* [Record excerpts]
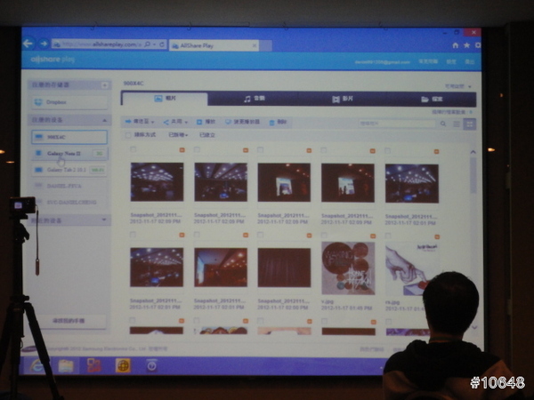 ▼ AllShare Play - Apps的使用示範, 現場是以Galaxy Note 10.1來使用AllShare Play上的資料, 只要透過一個 Samsung 帳號,就能夠整合不同的聯絡人帳號,建立你的專屬群組,輕鬆跨平台互動、分享精采照片!
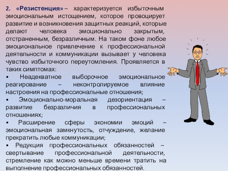 Слайд 52. «Резистенция» – характеризуется избыточным эмоциональным истощением, которое провоцирует развитие и возникновения
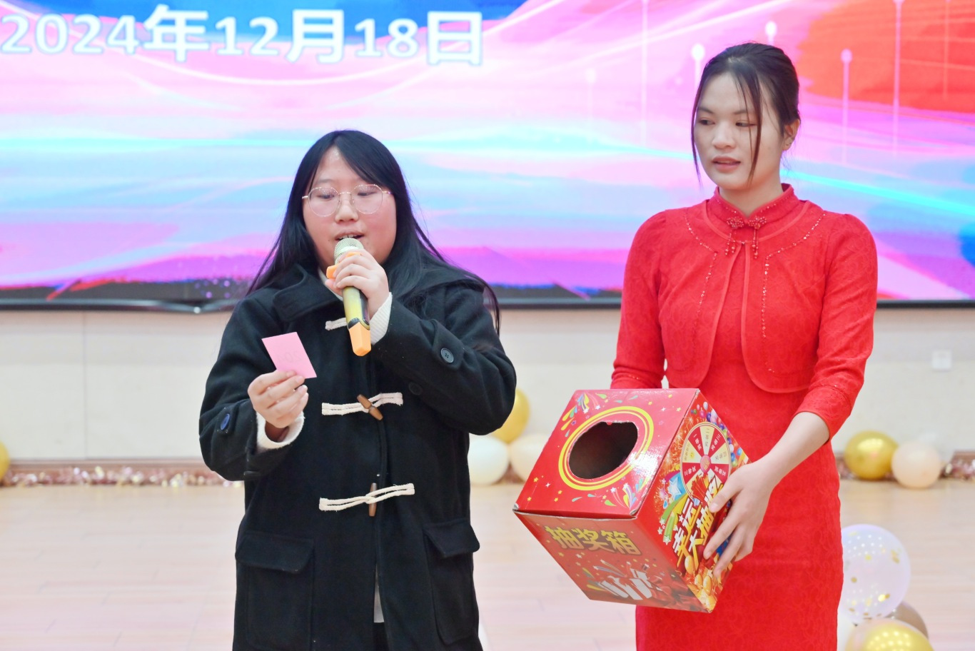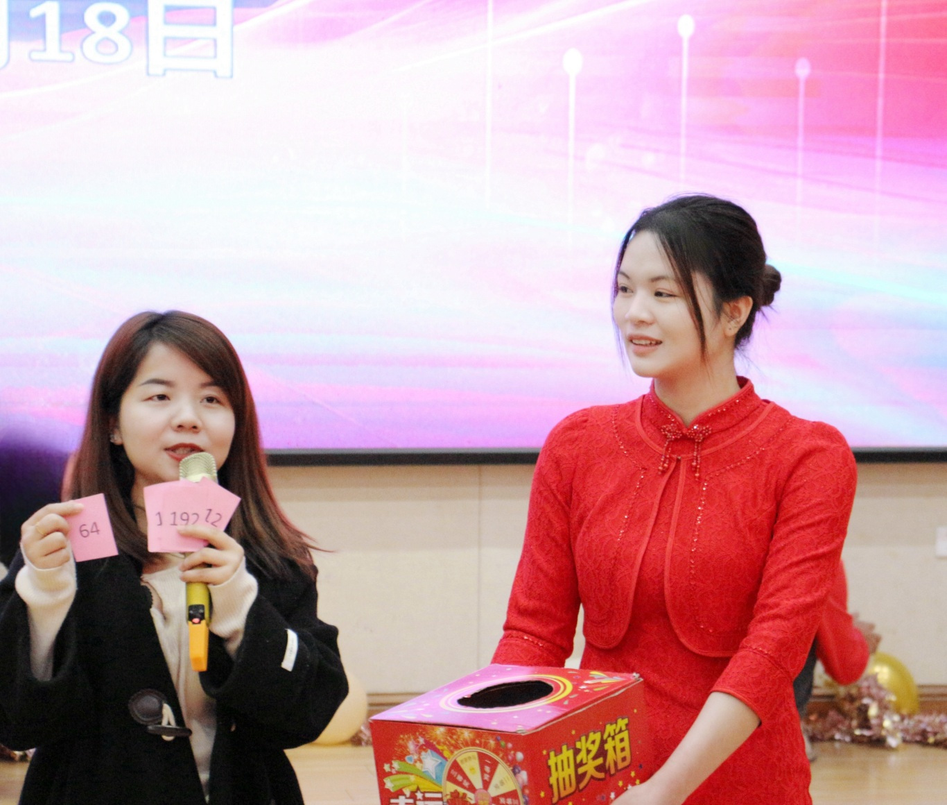圖為財(cái)務(wù)處老師李裕萍現(xiàn)場(chǎng)抽取6名幸運(yùn)兒
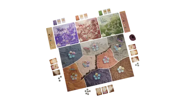 Durante il gioco, i giocatori si spostano in deltaplano tra la mappa dinamica e le plance modulari dei Colossi, gareggiando per raccogliere preziose uova, far schiudere i neonati e superare in astuzia i rivali. Le tue unità sono la risorsa più vitale, poiché ogni posizionamento e movimento è fondamentale. Invia i tuoi inviati nelle città per ottenere benefici e influenza per la tua tribù, oppure falli scivolare nelle lande desolate sottostanti per competere per le uova che i Colossi depongono durante i loro vagabondaggi. Man mano che la mappa si riempie di uova, la tensione aumenta. I neonati si schiudono e i giocatori si scontrano in astute sfide di posizionamento e gioco di carte, senza distruzione né attacchi diretti: solo manovre tattiche intelligenti per ottenere la vittoria.
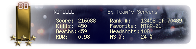| Kills | 450 | Deaths | 459 | Kill / Death | 0.98 |
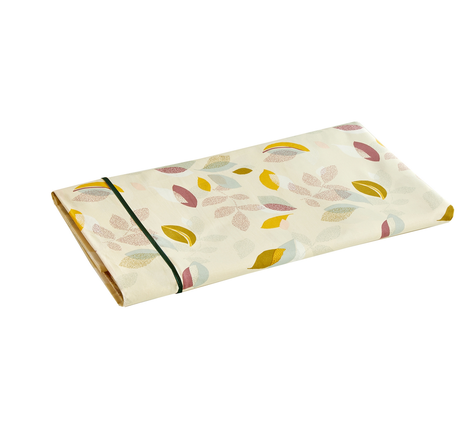 Drap 180/290 cm Percale 100% coton peigné 80 fils/cm² vive et chatoyante s’anime d’un semi de pétales multicolores travaillées en aplat et en pointillé en coloris kaki , confectionné dans les Vosges
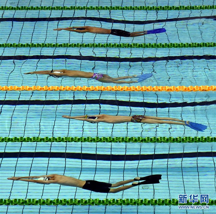 4月2日,选手们在男子青年组400米双蹼决赛中。 当日,2019年全国春季蹼泳锦标赛在福建省将乐县举行。 新华社记者彭张青摄
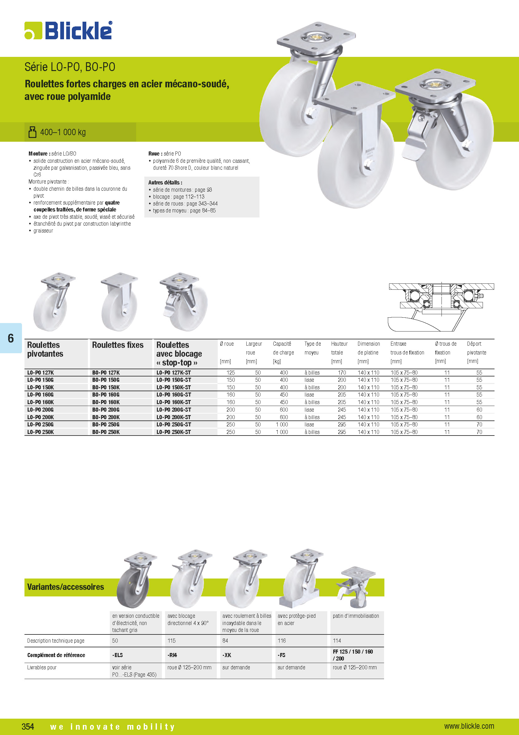 LO-PO, BO-PO Roulettes fortes charges en acier mécano-soudé, avec roue polyamide
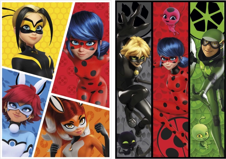 Un amusant double pack de puzzles pour enfants de la marque EDUCA avec le motif Miraculeuse Coccinelle et Chat Noir propose 2×100 pièces aux couleurs vives et un format final d’environ 40 × 28 cm.
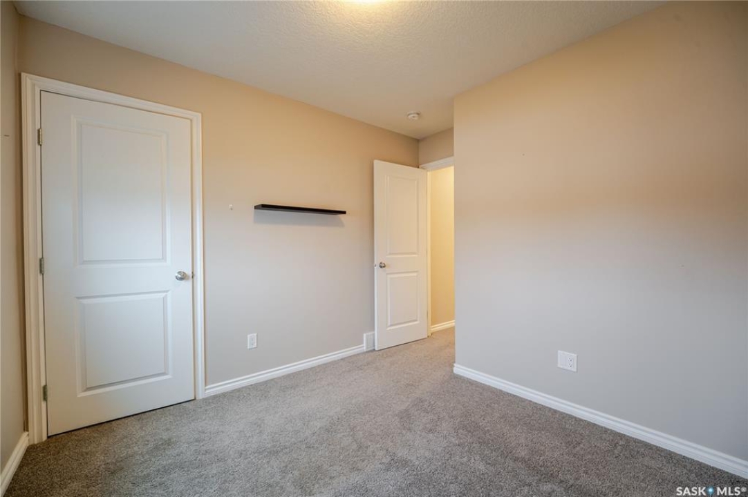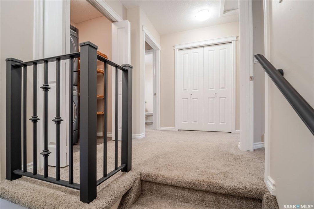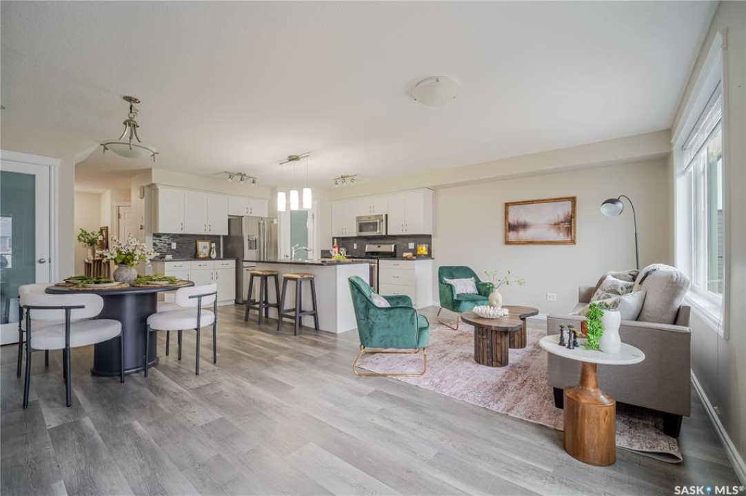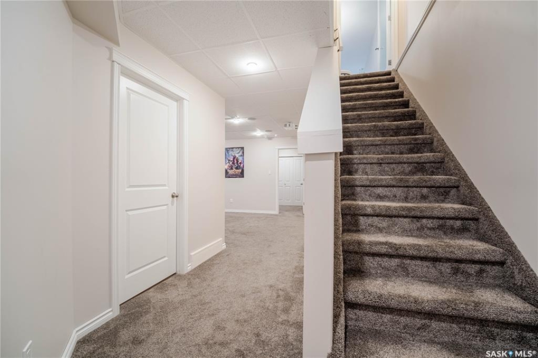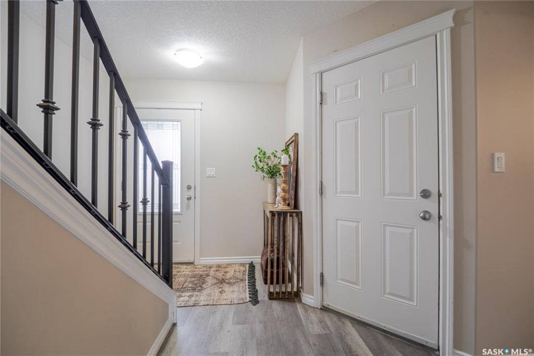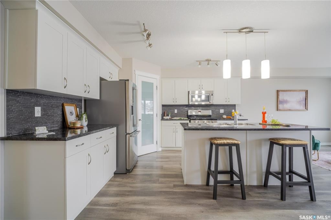 Discover easy condo living in a convenient location near schools, shops, and a quick walk to Wakamow Valley! This end-unit townhouse, built in 2015, offers privacy with only one shared wall, featuring 4 bedrooms, 4 bathrooms, an attached garage, and a finished basement—all in just over 1,300 sq ft. Step inside to an open main floor with a modern kitchen featuring granite counters, a gas stove, a large pantry, and an island with seating. Vinyl plank flooring flows throughout this level, which also has a half bath and garage access with built-in shelves. Upstairs you'll find three good-sized bedrooms, laundry, and a spacious master suite complete with a cozy fireplace, walk-in closet, and a sleek ensuite bathroom. The basement provides a great space for movie nights, equipped with built-in speakers and a projector setup. There's also a bedroom with a Murphy bed and a full bathroom. Outside, enjoy a shared yard and a small deck with a gas BBQ hookup (Weber BBQ included). Plus, lawn care, snow removal, and water are covered with condo fees. If you're ready for low maintenance living in a wonderful neighborhood, book a showing today!
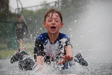 Keywords: people child sports baseball sliding train water drop wet fun
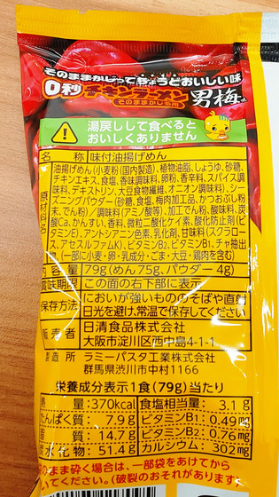 The ingredients are as follows: seasoning powder, processed plum, and bonito flakes. One serving (79g) contains 370kcal.
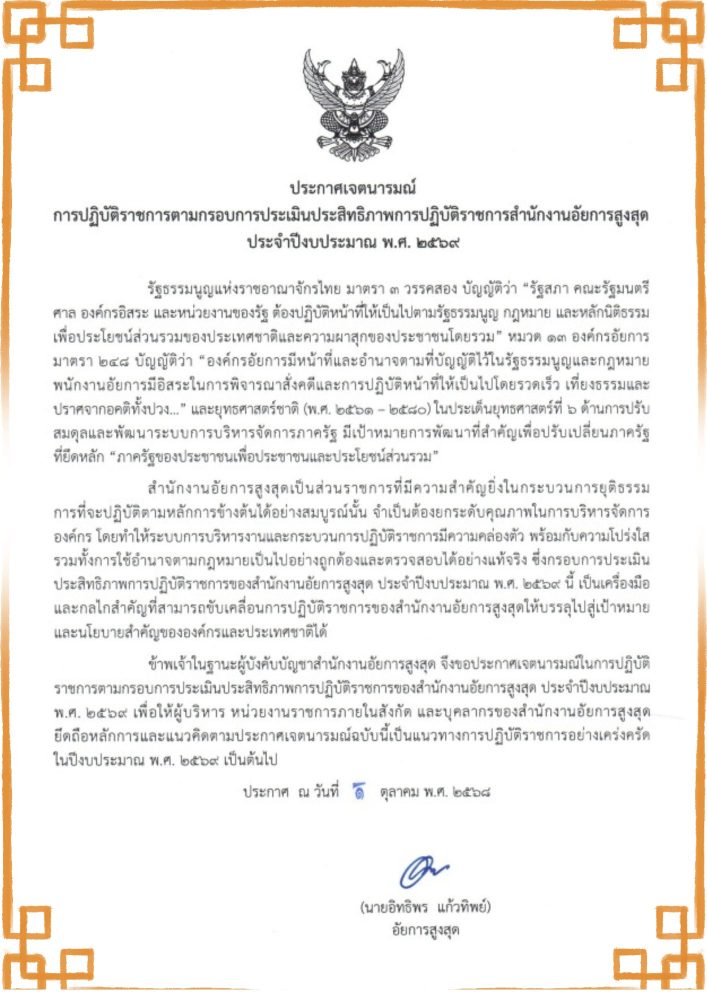 การปฏิบัติราชการตามกรอบการประเมินประสิทธิภาพการปฏิบัติราชการสำนักงานอัยการสูงสุด
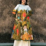 A beautifully crafted lawn drape shirt, made from premium-quality fabric and embellished with elegant digital printing, inspired by the serene beauty of miniature gardens in refined hues.
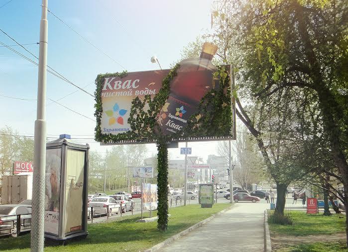 Таким способом РА «Космос» решило продемонстрировать основное преимущество продукта – натуральный квас «Здраница» создан на основе чистейшей артезианской воды, а где есть вода – обязательно появляется новая жизнь. Зеленый билборд пришелся по вкусу горожанам и привлек дополнительное внимание к рекламе кваса 'Здравница'.
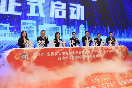 為深入貫徹落實關于做好新時代人才工作的重要思想,進一步深化校地合作,集聚和培育更多青年人才,4月24日,2023年安徽省大中專學生志愿者暑期“三下鄉(xiāng)”社會實踐活動啟動儀式暨宣城市校地合作對接會在宣城舉行。宣城市委書 記李中,團省委書 記陳明生,團省委副書 記竇賢琨,省文明辦副主任王芳,宣城市委常委、組織部長朱立軍,宣城市政 府副市 長汪侃,省委宣傳部、省教育廳等有關部門領 導出席活動。省內高校團委、就業(yè)部門負責同志,長三角高校教師、學生代表,宣城市市直、各縣市區(qū)相關單位負責人,共370余人現(xiàn)場參加會議。活動同步進行了網絡直播,觀看人次超過330萬。

* [Instructions to follow]
Each entry is to be returned as it stands, and each picture is to be left out.

* [Task answer]
 ▼ AllShare Play - Apps的使用示範, 現場是以Galaxy Note 10.1來使用AllShare Play上的資料, 只要透過一個 Samsung 帳號,就能夠整合不同的聯絡人帳號,建立你的專屬群組,輕鬆跨平台互動、分享精采照片!
 Слайд 52. «Резистенция» – характеризуется избыточным эмоциональным истощением, которое провоцирует развитие и возникновения
圖為財(cái)務(wù)處老師李裕萍現(xiàn)場(chǎng)抽取6名幸運(yùn)兒
 Durante il gioco, i giocatori si spostano in deltaplano tra la mappa dinamica e le plance modulari dei Colossi, gareggiando per raccogliere preziose uova, far schiudere i neonati e superare in astuzia i rivali. Le tue unità sono la risorsa più vitale, poiché ogni posizionamento e movimento è fondamentale. Invia i tuoi inviati nelle città per ottenere benefici e influenza per la tua tribù, oppure falli scivolare nelle lande desolate sottostanti per competere per le uova che i Colossi depongono durante i loro vagabondaggi. Man mano che la mappa si riempie di uova, la tensione aumenta. I neonati si schiudono e i giocatori si scontrano in astute sfide di posizionamento e gioco di carte, senza distruzione né attacchi diretti: solo manovre tattiche intelligenti per ottenere la vittoria.
| Kills | 450 | Deaths | 459 | Kill / Death | 0.98 |
 Drap 180/290 cm Percale 100% coton peigné 80 fils/cm² vive et chatoyante s’anime d’un semi de pétales multicolores travaillées en aplat et en pointillé en coloris kaki , confectionné dans les Vosges
 4月2日,选手们在男子青年组400米双蹼决赛中。 当日,2019年全国春季蹼泳锦标赛在福建省将乐县举行。 新华社记者彭张青摄
 LO-PO, BO-PO Roulettes fortes charges en acier mécano-soudé, avec roue polyamide
 Un amusant double pack de puzzles pour enfants de la marque EDUCA avec le motif Miraculeuse Coccinelle et Chat Noir propose 2×100 pièces aux couleurs vives et un format final d’environ 40 × 28 cm.
 Discover easy condo living in a convenient location near schools, shops, and a quick walk to Wakamow Valley! This end-unit townhouse, built in 2015, offers privacy with only one shared wall, featuring 4 bedrooms, 4 bathrooms, an attached garage, and a finished basement—all in just over 1,300 sq ft. Step inside to an open main floor with a modern kitchen featuring granite counters, a gas stove, a large pantry, and an island with seating. Vinyl plank flooring flows throughout this level, which also has a half bath and garage access with built-in shelves. Upstairs you'll find three good-sized bedrooms, laundry, and a spacious master suite complete with a cozy fireplace, walk-in closet, and a sleek ensuite bathroom. The basement provides a great space for movie nights, equipped with built-in speakers and a projector setup. There's also a bedroom with a Murphy bed and a full bathroom. Outside, enjoy a shared yard and a small deck with a gas BBQ hookup (Weber BBQ included). Plus, lawn care, snow removal, and water are covered with condo fees. If you're ready for low maintenance living in a wonderful neighborhood, book a showing today!
 Keywords: people child sports baseball sliding train water drop wet fun
 The ingredients are as follows: seasoning powder, processed plum, and bonito flakes. One serving (79g) contains 370kcal.
 การปฏิบัติราชการตามกรอบการประเมินประสิทธิภาพการปฏิบัติราชการสำนักงานอัยการสูงสุด
 A beautifully crafted lawn drape shirt, made from premium-quality fabric and embellished with elegant digital printing, inspired by the serene beauty of miniature gardens in refined hues.
 Таким способом РА «Космос» решило продемонстрировать основное преимущество продукта – натуральный квас «Здраница» создан на основе чистейшей артезианской воды, а где есть вода – обязательно появляется новая жизнь. Зеленый билборд пришелся по вкусу горожанам и привлек дополнительное внимание к рекламе кваса 'Здравница'.
 為深入貫徹落實關于做好新時代人才工作的重要思想,進一步深化校地合作,集聚和培育更多青年人才,4月24日,2023年安徽省大中專學生志愿者暑期“三下鄉(xiāng)”社會實踐活動啟動儀式暨宣城市校地合作對接會在宣城舉行。宣城市委書 記李中,團省委書 記陳明生,團省委副書 記竇賢琨,省文明辦副主任王芳,宣城市委常委、組織部長朱立軍,宣城市政 府副市 長汪侃,省委宣傳部、省教育廳等有關部門領 導出席活動。省內高校團委、就業(yè)部門負責同志,長三角高校教師、學生代表,宣城市市直、各縣市區(qū)相關單位負責人,共370余人現(xiàn)場參加會議。活動同步進行了網絡直播,觀看人次超過330萬。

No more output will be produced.